Surgical resection is the only effective treatment for dermoid cysts in the oral cavity, where the lesion size and location traditionally determine the surgical option. Many surgical techniques have been introduced to remove dermoid cysts of the mouth. The techniques include transcervical approaches, such as bilateral incisions along the mandibular condyle and median sagittal glossotomy to remove dermoid cysts via the intraoral or extraoral routes, depending on the size and location of the dermoid cyst. However, recent innovations and technological advances in surgery have rendered large skin incisions or glossotomy obsolete for treating benign dermoid cysts [6,8,14,26,27].
The mylohyoid muscle has been regarded as a hindrance to the transoral approach.

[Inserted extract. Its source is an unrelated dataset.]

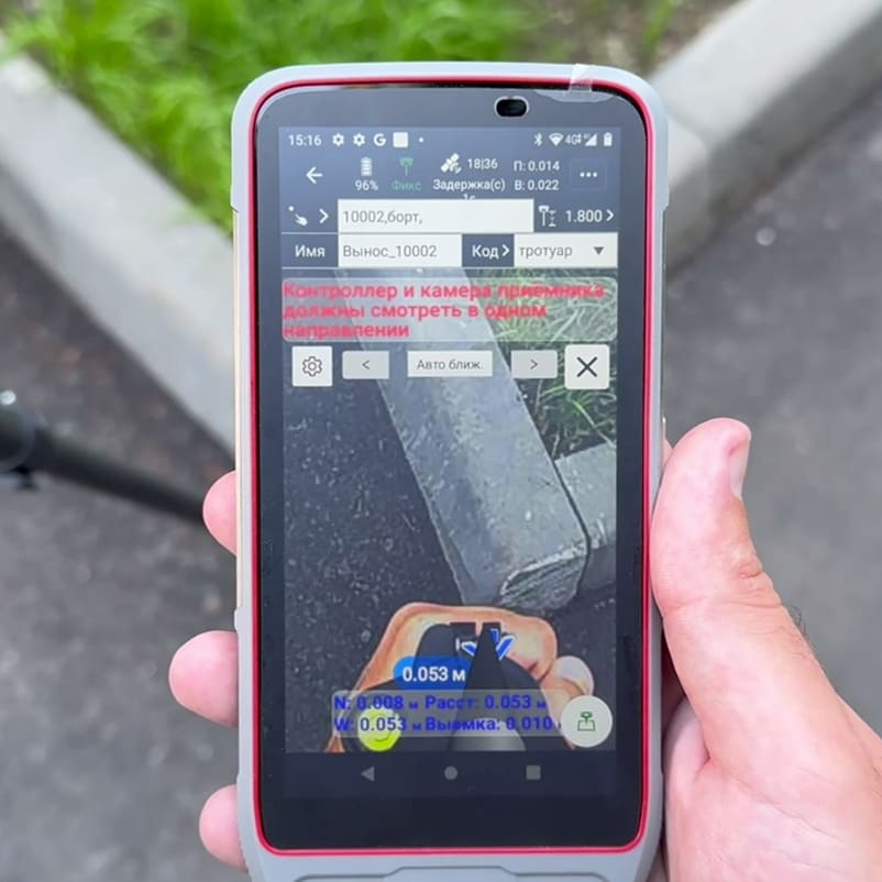 Вы можете делать вынос точек с эффектом дополненной реальности для наглядного отображения точек на местности. Видеовынос начинает работать за 50 метров от точки и с помощью камер приёмника показывает место, где точка будет находиться на местности.

Anatomically, two types of dermoid cysts (associated with upper and lower mylohyoid muscles) exist according to the anatomical relationship between the cyst and the mylohyoid muscle on the mouth floor. An external approach is generally recommended if the cyst is below the mylohyoid muscle [23]. A transoral approach was used for a small cyst above the mylohyoid muscle [28]. This approach facilitates visualization of surrounding structures and control of bleeding, avoiding oral contamination of surgical wounds [29]. In fact, the surgical field is restricted during the transoral approach, and making a large incision to secure the surgical field increases the risk of lingual nerve damage in the Wharton’s canal. However, advances in endoscopic and other medical device technologies have enabled removal of tumors in the lower part of the mylohyoid muscle without complications associated with the transoral approach.


Under general anesthesia, the mouth is opened with a Denhart oral retractor or Dingman retractor. The tongue is then retracted upwards. A horizontal incision is made on the frenulum mucosa of the tongue above the opening of the submandibular gland. Next, the GM is identified in the surgical field. The GM contains two components: one on the left and the other on the right. The GM is retracted to each side using a Sofield retractor (233-04; Zimmer Biomet, Warsaw, IN, USA) to locate the dermoid cyst above the mylohyoid muscle (Fig. 2). If the cyst is below the mylohyoid muscle, a Bovie electrocautery device is used to cut the mylohyoid muscle. The dermoid cyst is then carefully separated with an endoscopic dissector (Aesculap Inc., Center Valley, PA, USA) and removed through the incision in the oral cavity. The surgical field is irrigated without any insertion of drainage. This procedure, which involves a simple mucosal incision and muscle retraction, results in very little secretion because it minimizes damage to muscles and bones. The oral mucosa is then sutured vertically, as horizontal sutures can lead to wound contracture, which can reduce tongue movement.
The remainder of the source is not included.